A matemática é uma área de conhecimento bastante complexa e existem alguns de seus componentes que possuem claramente um aspecto verbal — como contagem, escrita de números, tabuada, resolução de problemas aritméticos —, enquanto outros processos, como comparação de conjuntos, não exigem acesso a representações verbais. Deste modo, é comum que estudos que investigam a associação entre discalculia e dislexia encontrem prejuízos específicos relacionados a estes aspectos verbais da matemática.
Os fatos aritméticos, ou seja, operações que podem ser resgatadas de forma automática, como a tabuada de multiplicação, são uma das grandes fontes de dificuldade matemática para crianças com dificuldade de leitura. Quando temos que responder a uma pergunta como “quanto é dois vezes três?”, é muito provável que resgatemos a resposta como se fosse uma frase armazenada em nossa memória de longo prazo, em vez de realizarmos o procedimento de cálculos. Vários estudos com estudantes disléxicos encontram associação entre o processamento fonológico e esta capacidade de resgate automático da resposta de um fato aritmético.
Som e números
Além disso, o Laboratório de Neuropsicologia do Desenvolvimento (LND-UFMG) tem realizado pesquisas sobre a associação entre aspectos linguísticos e a transcodificação numérica. A transcodificação é a mudança de um código verbal para outro (como ouvir o número “quarenta e três”, no formato verbal oral, e transcodifica-lo para “43”). No nosso artigo “What is specific and what is shared between numbers and words?” (O que é específico e o que é compartilhado entre números e palavras?) investigamos mecanismos cognitivos específicos e compartilhados entre números e palavras e observamos que o processamento fonológico influencia a aprendizagem da leitura e a escrita de palavras, como observado anteriormente na literatura, mas também é um mecanismo cognitivo associado à leitura e à escrita de numerais arábicos.

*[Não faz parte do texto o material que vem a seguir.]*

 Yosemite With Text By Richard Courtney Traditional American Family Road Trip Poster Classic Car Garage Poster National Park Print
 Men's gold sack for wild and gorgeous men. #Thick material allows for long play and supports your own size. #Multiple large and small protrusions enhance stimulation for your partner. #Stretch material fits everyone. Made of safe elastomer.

Estes estudos referentes a associação entre processamento fonológico e cálculos e transcodificação apoiam a hipótese de um déficit comum compartilhado entre a discalculia e dislexia. Apesar de ainda não termos a resposta definitiva de por que os dois transtornos estão diretamente associados, é importante pontuar que uma metanálise recente concluiu que crianças que apresentam uma dificuldade de matemática têm aproximadamente duas vezes mais chance do que crianças típicas de apresentar uma dificuldade de leitura associada.

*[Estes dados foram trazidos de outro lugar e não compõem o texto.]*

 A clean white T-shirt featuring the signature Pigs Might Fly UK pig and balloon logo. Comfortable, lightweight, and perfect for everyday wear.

A moral da história é, portanto, que a aprendizagem das letras e dos números apresenta algo em comum, possivelmente o processamento fonológico como mecanismo subjacente associado. Desse modo, é importante ressaltar que, durante a avaliação de suspeita de dificuldade de aprendizagem da matemática, o profissional que acompanha a criança deve também avaliar mecanismos cognitivos gerais que podem impactar o processamento numérico e a aritmética. Além disso, a intervenção fonológica também pode contribuir para o desenvolvimento de habilidades numéricas e deve ser levada em consideração em programas de intervenção com indivíduos com discalculia que apresentam dificuldades em aspectos verbais da matemática.